(WASHINGTON) — If Judge Ketanji Brown Jackson is confirmed to the U.S. Supreme Court, she will set precedent as not only the first Black woman to sit on the nation’s high court, but also as the second-consecutive working mother to be confirmed.
Jackson, 51, is the mother of two school-age daughters, Talia and Leila.
The most recent justice confirmed to the Supreme Court, Justice Amy Coney Barrett, is a mother of seven children, five biological and two who were adopted from Haiti.
When Barrett was sworn in as a justice in October 2020, then-President Donald Trump noted she was the “very first mother of school-aged children to become a Supreme Court justice.”
Now if Jackson is confirmed, there will be two working moms among the nine justices.
In its 233-year history, the Supreme Court has had five female justices, including Justices Barrett, Sonia Sotomayor and Elana Kagan, who currently serve on the court.
Jackson, who has served as a public defender, district court judge and federal appeals judge over her career, has spoken in her confirmation hearings this week about the difficulties of balancing a career and family.
Throughout much of her testimony, Jackson’s daughters and her husband, Dr. Patrick G. Jackson, a Washington, D.C.-based surgeon, have sat behind her.

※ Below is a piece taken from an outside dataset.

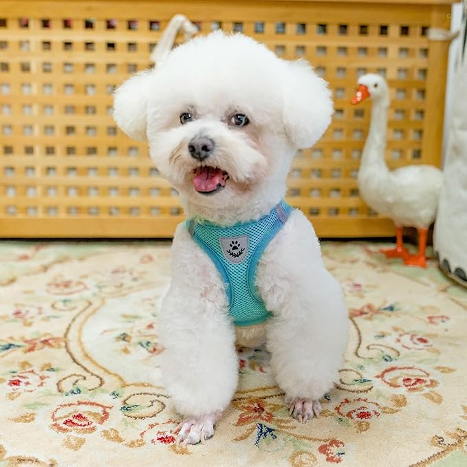 - [COMFORTABLE MATERIAL, DAILY WALKING, FOUR SEASONS WEARING] - The harness is made of durable polyester, and it's adopted with an air-mesh design. The whole harness is very soft, lightweight, and breathable. Even if your dog wears it all day, he won't feel any discomfort. For daily walking or running, it is a very easy thing to do. Besides, this is a four seasons harness, it keeps the dog cool on hot days and keeps the dog warm on cold days.

“Girls, I know it has not been easy as I have tried to navigate the challenges of juggling my career and motherhood,” Jackson said in her opening statement Monday before the Senate Judiciary Committee. “And I fully admit that I did not always get the balance right. But I hope that you have seen that with hard work, determination, and love, it can be done. I am so looking forward to seeing what each of you chooses to do with your amazing lives in this incredible country. I love you so much.”
On Tuesday, in response to a question from Democratic Sen. Cory Booker, of New Jersey, Jackson opened up more about juggling her career and motherhood.
She spoke about missing events in her daughters’ lives because of her job, and said that she “didn’t always get the balance right.”
“I would hope for them, seeing me — hopefully, you all will confirm me — seeing me move to the Supreme Court that they will know you don’t have to perfect in your career trajectory, that you can still end up doing what you want to do,” Jackson said. “You don’t have to be a perfect mom, but if you do your best and you love your children that things will turn out OK.”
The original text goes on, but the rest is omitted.